Knowledge of general chromatin architecture has greatly expanded in recent years due to the broad application of classical and novel techniques to map TF binding sites, histone modifications, and chromatin accessibility. Mapping of TF binding sites and histone modifications is typically done using chromatin immunoprecipitation (ChIP) or related techniques such as DamID, which are discussed in more detail in Chapter 8. Most of the techniques to map chromatin accessibility make use of the fact that regulatory sites and the short DNA linkers connecting nucleosomes are more sensitive to nuclease digestion by micrococcal nuclease (MNase) or DNase I, each of which has distinct cleavage patterns that provide a different view of chromatin structure [10]. MNase cuts preferentially in linker regions between nucleosome and it is therefore typically used to map the positions of nucleosomes. On the other hand, DNaseI also cuts DNA associated with nucleosomes, when used at higher concentrations, and its cleavage pattern therefore typifies general chromatin accessibility. Another approach to identify regions of open chromatin, formaldehyde-assisted isolation of regulatory elements (FAIRE), has also been described [11]. This method exploits the property that fragmented DNA that is highly crosslinked to histones after formaldehyde treatment (i.e. closed chromatin) can be separated from DNA with a low degree of crosslinking (i.e. open chromatin) by phenol extraction.

Advances in microarray and sequencing technology have made it possible to apply these various methods to create genome-wide maps of nucleosome occupancy [1215], potential regulatory sites [16, 17], as well as patterns of histone modifications and TF binding [1823]. A common observation in these studies is that active promoters and distal regulatory elements such as enhancers are associated with regions of open chromatin and enriched for bound TFs and their coregulators, underscoring that transcriptional regulation is universally linked to chromatin remodelling. These studies have also provided an unprecedented view of the higher-order structure of the genome, where broad domains of more accessible chromatin (i.e. euchromatin) alternate with regions that are less accessible to the transcription machinery (i.e. heterochromatin). It should be noted, though, that these techniques provide only a snapshot of the chromatin structure at the time of fixation and while many regulatory regions may appear stable, several lines of evidence suggest that remodelling is in fact a highly dynamic and continuously ongoing process. For example, nucleosomes found in yeast promoters exchange more rapidly than nucleosomes located in gene bodies [24, 25] and FRAP (fluorescence recovery after photobleaching) studies suggest that many TFs only transiently interact with DNA in vivo, even at active promoters [2629]. Thus, chromosomal domains and regulatory regions with apparently stable chromatin are likely in a dynamic equilibrium between competing forces, the balance of which ultimately determines the degree of DNA accessibility [8].

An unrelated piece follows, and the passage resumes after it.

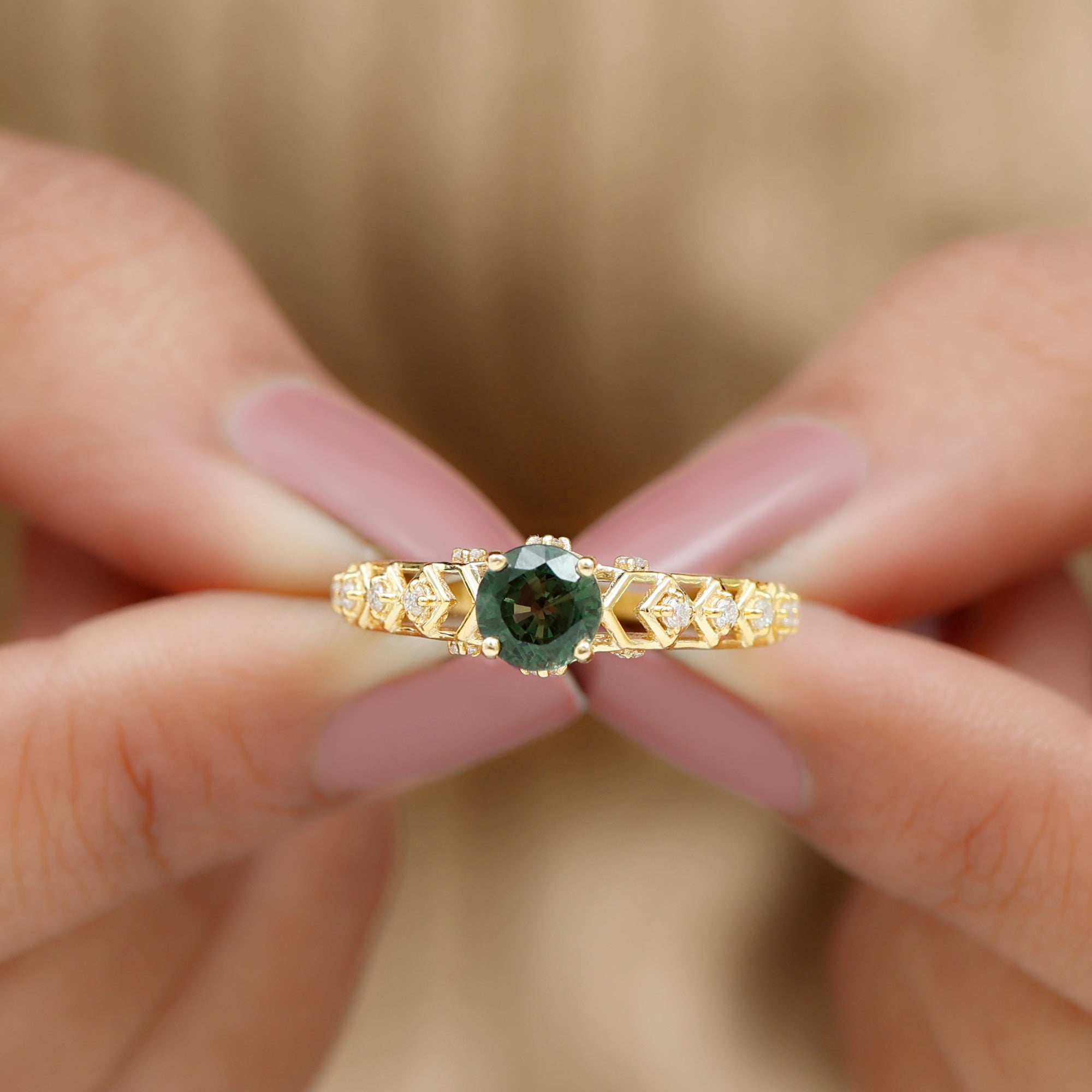 A green ring represents your green choice. Lab created green sapphire rings reflect your inner soul that admires nature and its beauty. Ethically and eco-friendly, these rings are unique and elegant traditional rings with a refreshing touch.

Following a brief introduction into the types of CM involved in chromatin remodelling, this chapter will highlight how TFs can regulate gene expression by recruiting these coregulators to orchestrate changes in the chromatin state, and in turn, how chromatin can affect TF target recognition and binding. Then, I will discuss how these dynamic and antagonistic forces may be coordinated to organize chromatin and direct transcription at specific locations in the genome. Other recent reviews that consider these and related topics include [3033], as well as Chapters 10 and 12 in this volume, which specifically consider TF–nucleosome interactions, and the auxiliary domains of TFs that mediate many of these functions, respectively. This chapter also contains a Glossary at the end which provides an overview of key terminology used throughout.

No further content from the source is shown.